This is actually a separable equation, but let us first solve it as linear differential equation. We have p(x)= –x so that gives us $I = {e^{\int {( - x)dx} }} = {e^{ - \frac{{{x^2}}}{2}}}$

Multiplying our equation by this gives us ${e^{ - \frac{{{x^2}}}{2}}}y' - {e^{ - \frac{{{x^2}}}{2}}}xy = {e^{ - \frac{{{x^2}}}{2}}}x$

or ${\left( {{e^{ - \frac{{{x^2}}}{2}}}y} \right)^\prime } = {e^{ - \frac{{{x^2}}}{2}}}x$

So ${e^{ - \frac{{{x^2}}}{2}}}y = \int {{e^{ - \frac{{{x^2}}}{2}}}xdx}$

If we now do the variable substitution $\left| \begin{gathered} w = - \frac{{{x^2}}}{2} \hfill \\ - dw = xdx \hfill \\ \end{gathered} \right.$

We get ${e^{ - \frac{{{x^2}}}{2}}}y = - \int {{e^w}dw = {e^w} + C = - } {e^{ - \frac{{{x^2}}}{2}}} + C$

Multiplying away the first factor, we get $y = {e^{\frac{{{x^2}}}{2}}}( - {e^{ - \frac{{{x^2}}}{2}}} + C) = C{e^{\frac{{{x^2}}}{2}}} - 1$

that is our final solution.
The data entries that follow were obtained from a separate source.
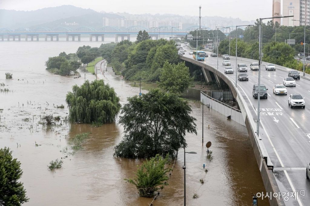 5일 서울 반포한강공원 일대가 수도권 집중 호우로 한강 수위가 상승하며 물에 잠겨 있다./강진형 기자aymsdream@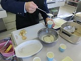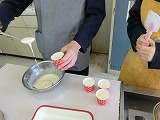 出来上がりを想像しながら、カップに生地を楽しそうに流し込む生徒の姿が印象的です。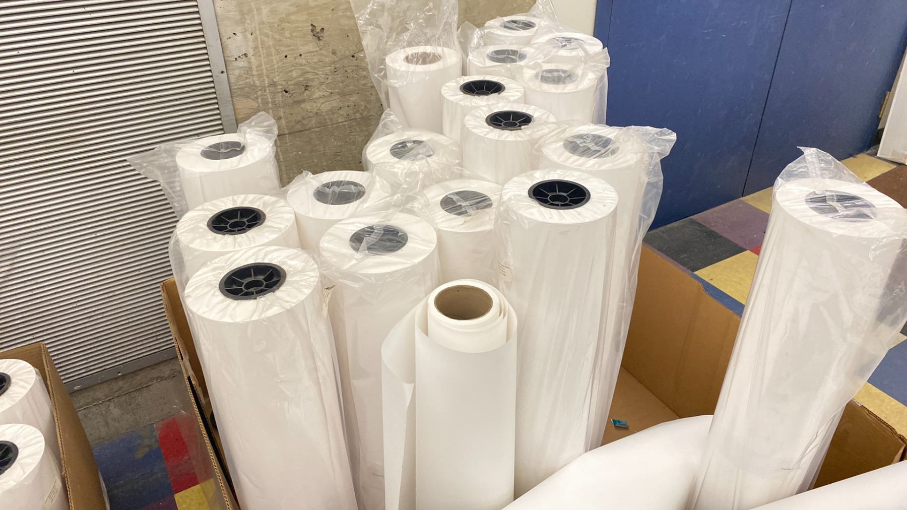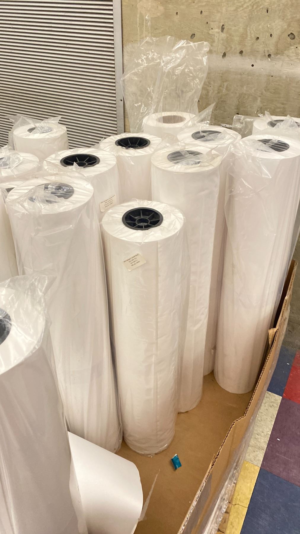 PALLET OF ASSORTED COMMERCIAL PRINT SHOP ROLLS OF PAPER / PAPER STOCK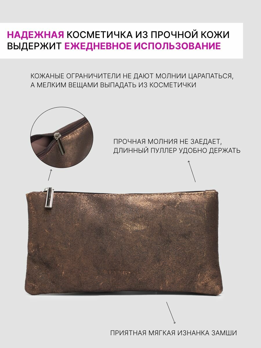 Косметичка натуральная кожа на молнии клатч кожаный , Reversal , 8856R_Кофе-золото интересное: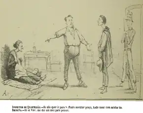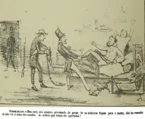 Soldiers entered military service voluntarily or by force.[7] In 19th century Brazil, "recruitment" was synonymous with forced recruitment. Authorities would refer to the "seizure" and "arrest" of recruits. There was no neutral term to refer to all recruits (volunteers or obligated). The term "recruited" was sometimes used specifically for the obligated.[8] In the legislation on the subject, the term "forced recruitment" appears in the decree of 1835, but not in the ministerial instruction of 1822, which established escorts for recruits, but without chains, handcuffs or shackles.[9] Even so, there were reports of recruitment literally "with a snare", with recruits being tied up.[10] The free population saw military service as degrading, and since the 17th century authorities had noted the repugnance with which it was perceived.[11] The violence and arbitrariness of recruitment, added to the harsh discipline and low remuneration in service, gave it the connotation of punishment,[12][13][14] being associated with captivity in the popular imagination.[15] The process was called "human hunting"[16] or "blood tribute".[17]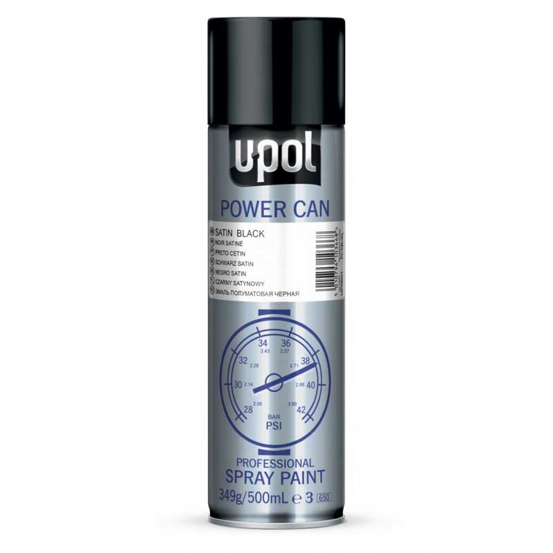 Achieve a sleek, professional satin black finish with U-Pol Power Can Satin Black. This aerosol spray paint is designed for a smooth even coverage, making it perfect for automotive, DIY and industrial applications. A high build topcoat for finishing primed surfaces to achieve a satin finish.
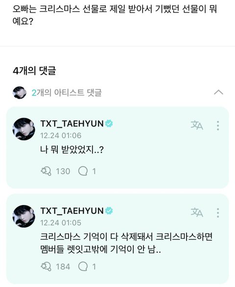 크리스마스하면 투바투 렛잇고 자동 완성임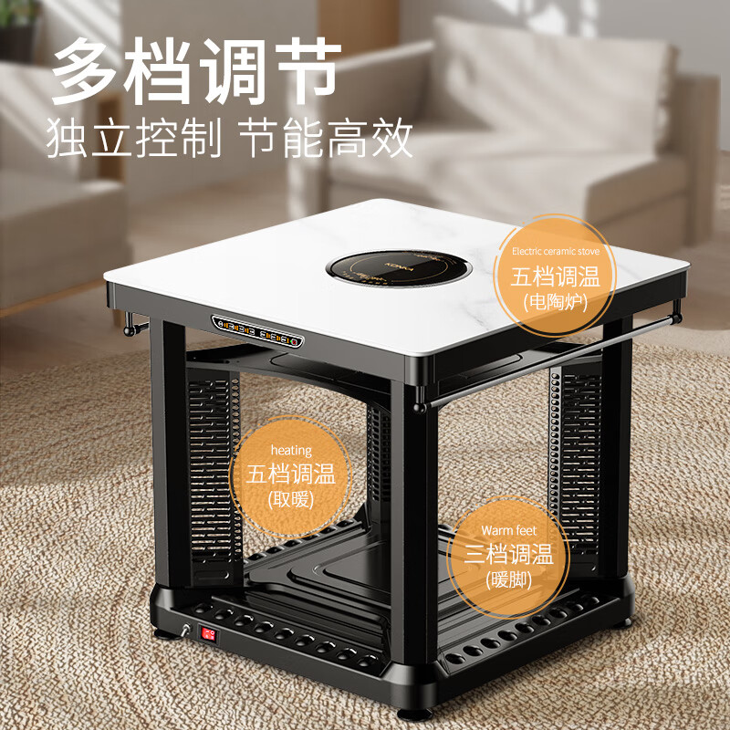 康佳电暖桌 取暖茶几升降取暖桌烤火桌正方形客厅电热取暖桌家用省电多功能电暖炉电炉电茶几取暖器 65厘米岩石白+不挑锅电陶炉+暖脚+晾衣杆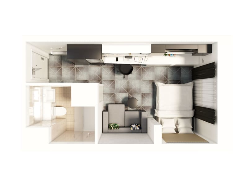 公寓每个房型都配备独立卫浴、淋浴花洒、带床垫的双人床、智能电视、全身镜和沙发,回到房间就是放松的开始。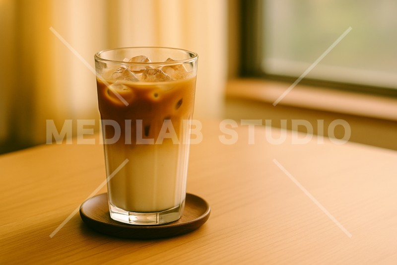 たっぷり氷が入ったアイスカフェラテ。窓から入る自然光で涼し気かつナチュラルな雰囲気に。

Interestingly enough it is the same solutions as we found to $\frac{{dy}}{{dx}} = xy$

but just shifted down one unit. As we can see we could write $y' - xy = x$

as $y' = x + xy$

or $y' = x(1 + y)$

so as mentioned it is actually separable. We get $\frac{{dy}}{{y + 1}} = xdx$

or $\ln |y + 1| = \frac{{{x^2}}}{2} + {C_1}$

and thus $y + 1 = C{e^{\frac{{{x^2}}}{2}}}$

and finally $y = C{e^{\frac{{{x^2}}}{2}}} - 1$

just as expected.

Example 2

Let us take an old example and modify it slightly. If the slopes where directed out from the origin we had that $\frac{{dy}}{{dx}} = \frac{y}{x}$

and that gave us solutions of the form $y = Cx$

I.e. straight lines through the origin. Now let us change that a bit. Say we are subtracting or adding) a bit from the slope, and that what we subtract is proportional to the distance from the y-axis. Say we have $\frac{{dy}}{{dx}} = \frac{y}{x} - 0.1x$

This can be written as $y' - \frac{y}{x} = - 0.1x$

So it is a linear first order equation with $p(x) = - \frac{1}{x}$

This gives us $I = {e^{ - \int {\frac{{dx}}{x}dx} }} = {e^{ - \ln x}} = {e^{\ln {x^{ - 1}}}} = \frac{1}{x}$

Multiplying through with this gives us $\frac{{y'}}{x} - \frac{y}{{{x^2}}} = - 0.1$

or ${\left( {\frac{{y'}}{x}} \right)^\prime } = - 0.1$

Integration now gives us $\frac{{y}}{x} = - 0.1x + C$

that gives us $y = - 0.1{x^2} + Cx$

This looks rather pleasing as a graph, with a few particular solutions. As you can see all the solutions will be parabolas passing through the origin.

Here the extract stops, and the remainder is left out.